Availability Analysis
Understanding Availability Analysis
Availability is the probability that a system is functioning at any given point in time. For RF and communication systems, availability is the primary metric in service level agreements (SLAs) and is distinct from reliability (probability of operating without failure for a specified duration). A system can have moderate reliability (MTBF = 10,000 hours) but high availability (99.99%) if it can be repaired quickly (MTTR = 1 hour). Conversely, a highly reliable system (MTBF = 100,000 hours) deployed in a remote location with long repair times (MTTR = 168 hours) achieves only 99.83% availability.
For communication links, total availability must account for both equipment availability and propagation availability. A satellite earth station may have equipment availability of 99.999%, but rain attenuation at Ku-band can cause link outage 0.3% of the time in tropical regions, resulting in a total link availability of 99.7%. The link budget rain margin and the equipment redundancy architecture must be co-designed to meet the overall availability target.
Availability Formulas
Ai = MTBF / (MTBF + MTTR)
Series System (all N components must work):
Aseries = A1 × A2 × ... × AN
Parallel System (1 of N must work):
Aparallel = 1 - (1 - A1) × (1 - A2) × ... × (1 - AN)

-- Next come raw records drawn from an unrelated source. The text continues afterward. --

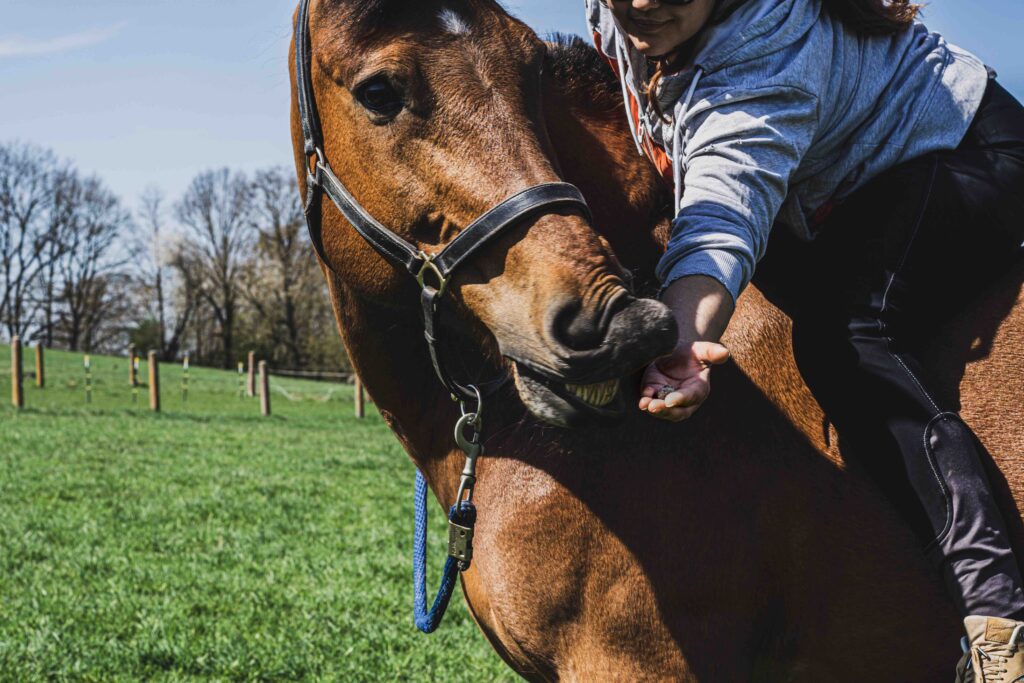 Nach ein paar Tagen kannst du dein Pferd auch langsam an den Hänger heranführen. Der erste Schritt ist geschafft, wenn das Pferd bereit ist, mit den Vorderhufen auf den Rampenaufgang zu treten. Lobe dein Pferd für seine Kooperation – entweder mit Worten, Streicheleinheiten oder kleinen Leckerlis, wie zum Beispiel den veganen nacani CBD-Snacks, die nicht nur beruhigend wirken, sondern auch das Training effektiver machen können.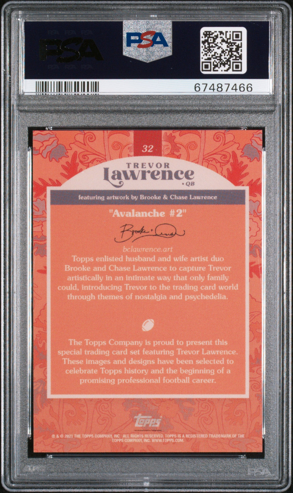 You are purchasing the following: 2021 Topps X Trevor Lawrence Trevor Lawrence Blue Rookie 098/199 #32 PSA 10 Jacksonville Jaguars. You will receive the exact item in the photographs. Note: Please do not connact us and asking the following: 1. What is the lowest you would take? Just make an offer. If the offer is automatically declined, you have your answer. 2. What the best you can do? See above. Not repling to an email is a reply. 3. Any room on this? See above. Not repling to an offer is a reply. 4. We ONLY do one counter offer, so please make your best offer the first time! Note: If the price off, in your option, please send your resaoning and an offer. We will review it. Note: We manage nearly 10 millon cards regularly and will adjust prices as errors are noticed or pointed out! Listed With Mascot.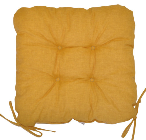 Univerzální sedák plněný drceným molitanem. | Praktický sedák na židli plněný drceným molitanem. Díky tomu si sedák zachová svůj tvar i výšku po celou dobu používání. Sedák má čtvercový tvar se zaoblenými rohy. Velikost sedáku je 39x39 cm. Výška sedáku je přibližně 7 cm. Sedák je opatřen praktickými šňůrkami k přichycení k židli. Sedák můžete použít na běžné židle, plastový nábytek nebo zahradní nábytek. Šňůrky pro upevnění k židli jsou vyrobeny přímo z dané látky sedáku, čímž je zajištěna sladěnost šňůrek s celým sedákem a výsledný efekt je dokonalý. Délka šňůrek je 30 cm a ve dvou rozích je všito po dvou šňůrkách pro snadné přichycení sedáku k židli. Šňůrky jsou tak dostatečně dlouhé i pro případ, kdy je potřebujete uvázat až kolem opěradla ( zezadu za židlí). Další výhodou je, že naše sedáky jsou pratelné na 40 stupňů Celsia.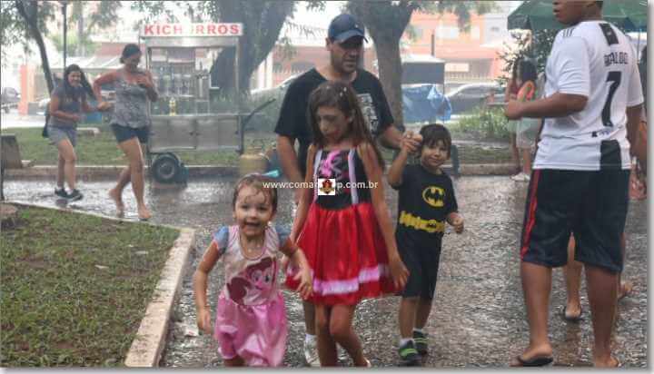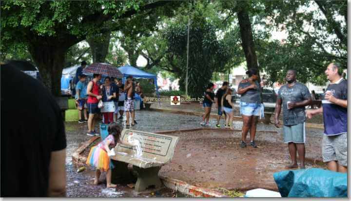 A chuva forte que caiu nesta tarde de domingo, 3 de março de 2019, não intimidou os foliões em São Carlos-SP. Dezenas de pessoas foram curtir o Carnaval na Praça Da XV. Com direito muitas marchinhas.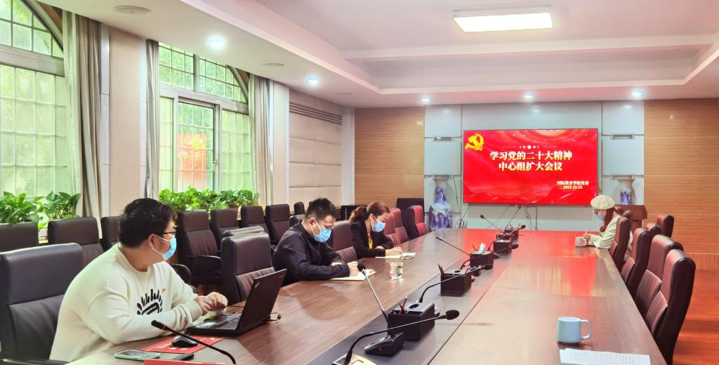 10月25日下午,beat365中文官方网站以线上线下相结合形式召开党委理论学习中心组扩大会议,专题学习研讨习近平总书记在党的二十大上所作的报告。院党委书记贾江主持会议并作总结讲话,院党委理论学习中心组成员、各党支部书记、教工支委等参加学习研讨。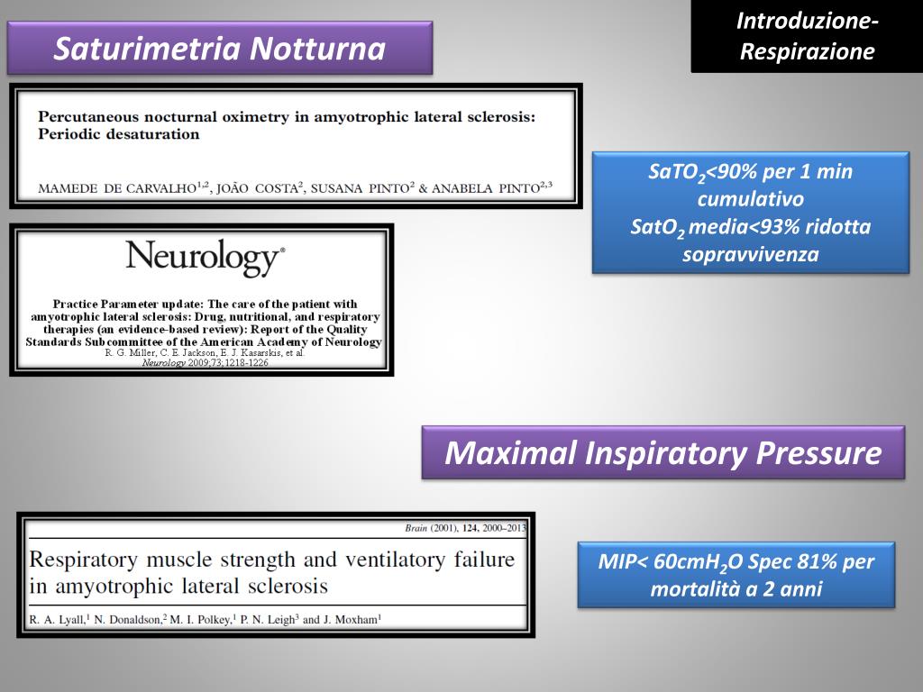 Introduzione-Respirazione Saturimetria Notturna SaTO2<90% per 1 min cumulativo SatO2 media<93% ridotta sopravvivenza Maximal InspiratoryPressure MIP< 60cmH2O Spec 81% per mortalità a 2 anni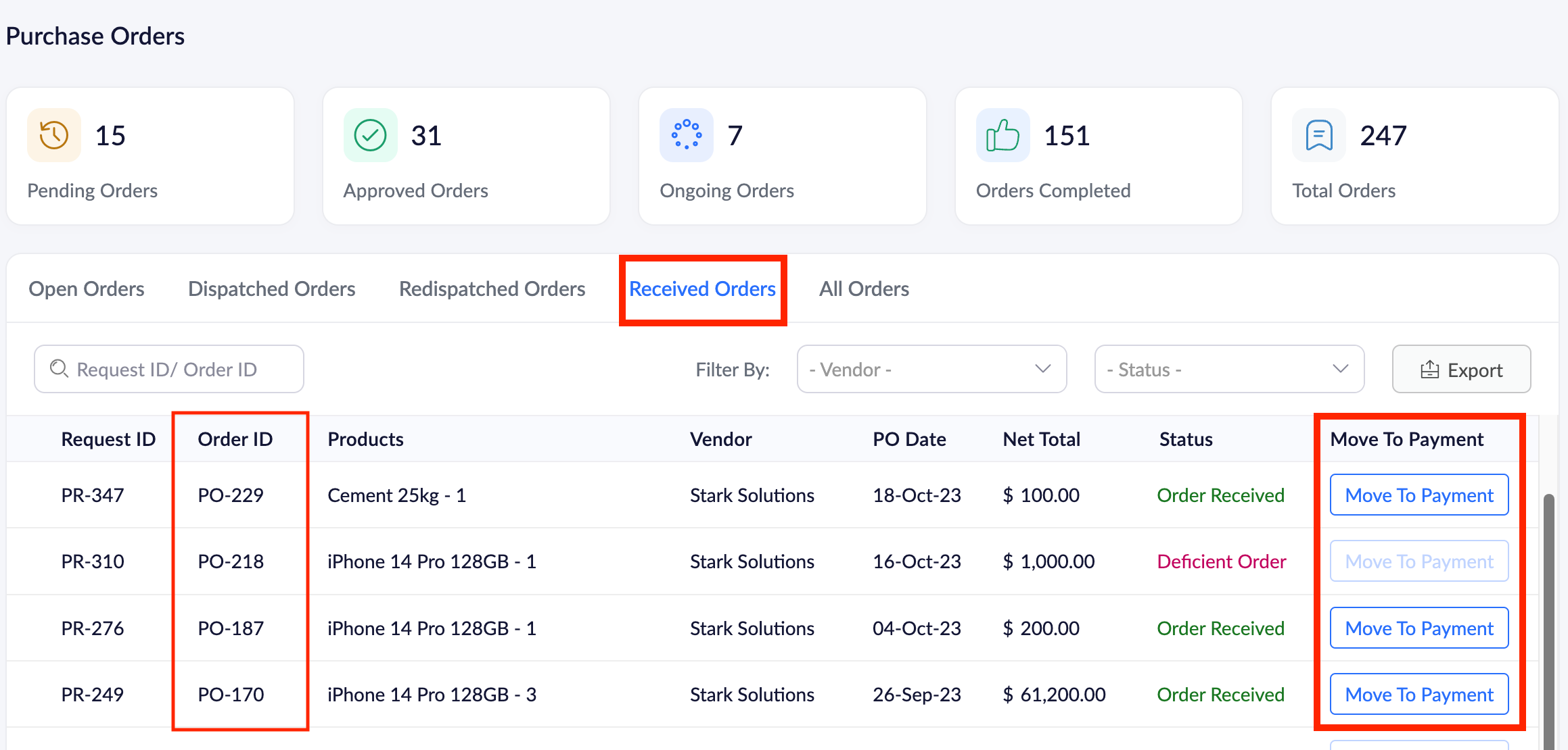 7. The Received Orders tab will allow you to see the list of all the POs processed and ready for payment.

Example: Two parallel paths, each at 99.9%:
A = 1 - (0.001)2 = 99.9999% (31.5 sec/year downtime)
Operational Availability:
Ao = MTBM / (MTBM + MDT)
MDT = Mean Downtime (includes logistics delay and admin time)
Availability Targets by Application
| Availability | Designation | Downtime/Year | Typical Application |
|---|---|---|---|
| 99.0% | Two nines | 3.65 days | Non-critical IoT, environmental sensors |
| 99.9% | Three nines | 8.76 hours | Enterprise Wi-Fi, standard VSAT |
| 99.99% | Four nines | 52.6 minutes | Cellular base stations, broadcast TX |
| 99.999% | Five nines | 5.26 minutes | Core network, 911 centers, ATC radar |
| 99.9999% | Six nines | 31.5 seconds | Military C2, nuclear facility comms |
Frequently Asked Questions
What does five-nines availability mean in practice?
Five-nines (99.999%) availability permits a maximum of 5.26 minutes of total downtime per year, or approximately 26.3 seconds per month. For a cellular base station, this requires an MTBF of at least 500,000 hours combined with an MTTR of 5 hours or less. Achieving five-nines typically requires redundant power supplies with automatic switchover, redundant RF paths (1+1 or N+1 protection), hot-standby processing, and on-site spare parts. Each additional nine of availability approximately doubles the system cost due to the redundancy required.
How do you calculate availability for series and parallel components?
For components in series (all must work), the system availability is the product: A_sys = A1 times A2 times A3. Ten components each at 99.9% yield only 99.0% system availability (8.76 hours downtime per year). For parallel components (only one needs to work), the unavailability is the product of individual unavailabilities: A_sys = 1 - (1-A1)(1-A2). Two parallel paths at 99.9% each achieve 99.9999% combined (31.5 seconds downtime per year). Real systems combine both: critical single-point-of-failure components are made redundant (parallel), while the signal chain is series.
What is the difference between inherent and operational availability?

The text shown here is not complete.